**WHAT IS EXPECTED**
Every line below between the one holding "ネックレス メンズ 男性用" and the one holding "Il punto di", inclusive, should be copied exactly, and no other line.

**THE INPUT**
-- Opening Marker --
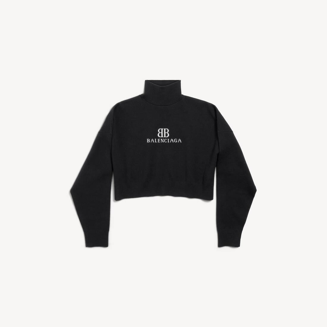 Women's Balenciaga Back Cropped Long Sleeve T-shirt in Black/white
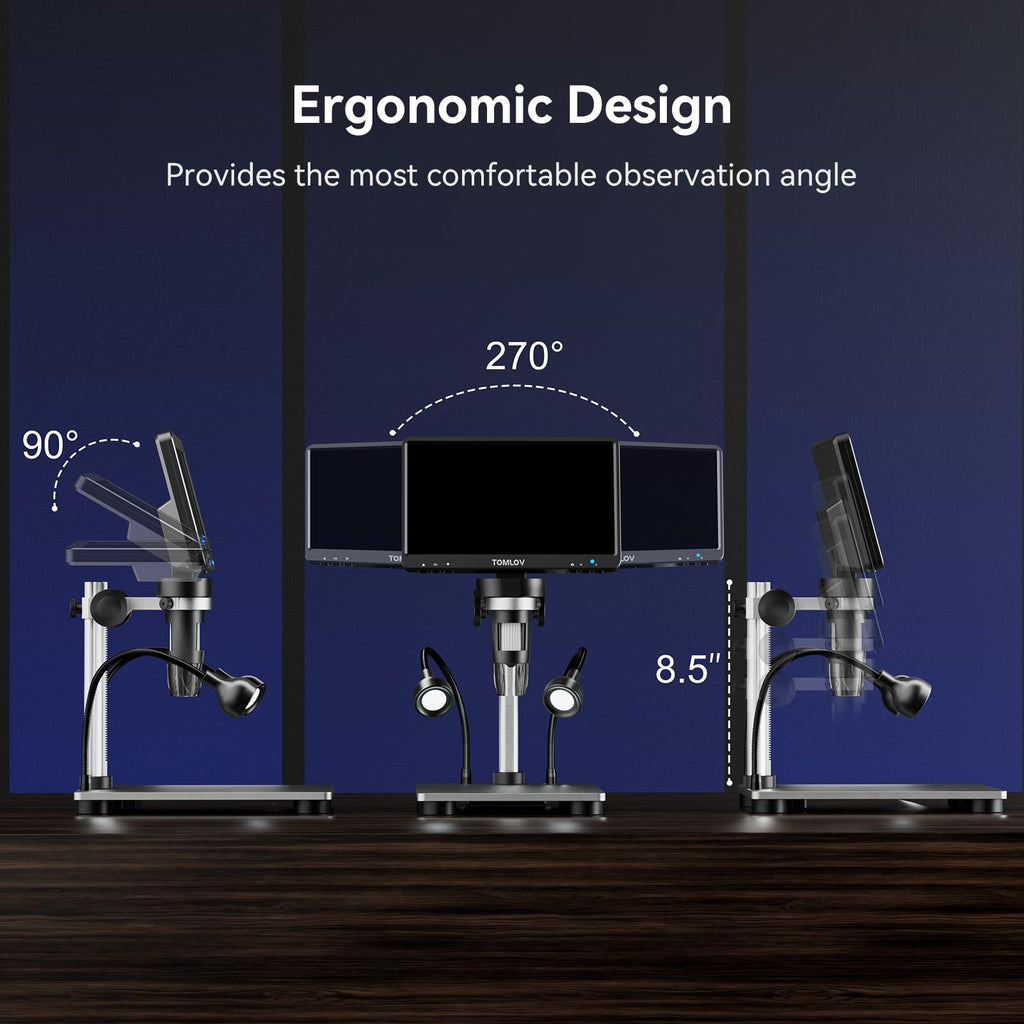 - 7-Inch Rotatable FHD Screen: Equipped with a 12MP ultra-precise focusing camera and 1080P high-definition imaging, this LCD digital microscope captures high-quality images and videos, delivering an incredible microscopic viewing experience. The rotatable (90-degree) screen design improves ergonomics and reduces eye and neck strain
-- Closing Marker --
-- Opening Marker --
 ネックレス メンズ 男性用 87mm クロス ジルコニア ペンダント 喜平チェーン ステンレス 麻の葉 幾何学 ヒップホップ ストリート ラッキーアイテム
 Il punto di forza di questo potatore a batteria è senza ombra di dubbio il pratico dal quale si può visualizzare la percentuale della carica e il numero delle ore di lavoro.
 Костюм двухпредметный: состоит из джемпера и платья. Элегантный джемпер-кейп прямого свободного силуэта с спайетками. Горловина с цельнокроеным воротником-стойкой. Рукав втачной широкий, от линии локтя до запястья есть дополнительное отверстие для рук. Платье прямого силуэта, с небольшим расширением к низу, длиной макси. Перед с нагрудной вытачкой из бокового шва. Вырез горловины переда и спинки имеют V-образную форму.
-- Closing Marker --
**THE ANSWER**
 ネックレス メンズ 男性用 87mm クロス ジルコニア ペンダント 喜平チェーン ステンレス 麻の葉 幾何学 ヒップホップ ストリート ラッキーアイテム
 Il punto di forza di questo potatore a batteria è senza ombra di dubbio il pratico dal quale si può visualizzare la percentuale della carica e il numero delle ore di lavoro.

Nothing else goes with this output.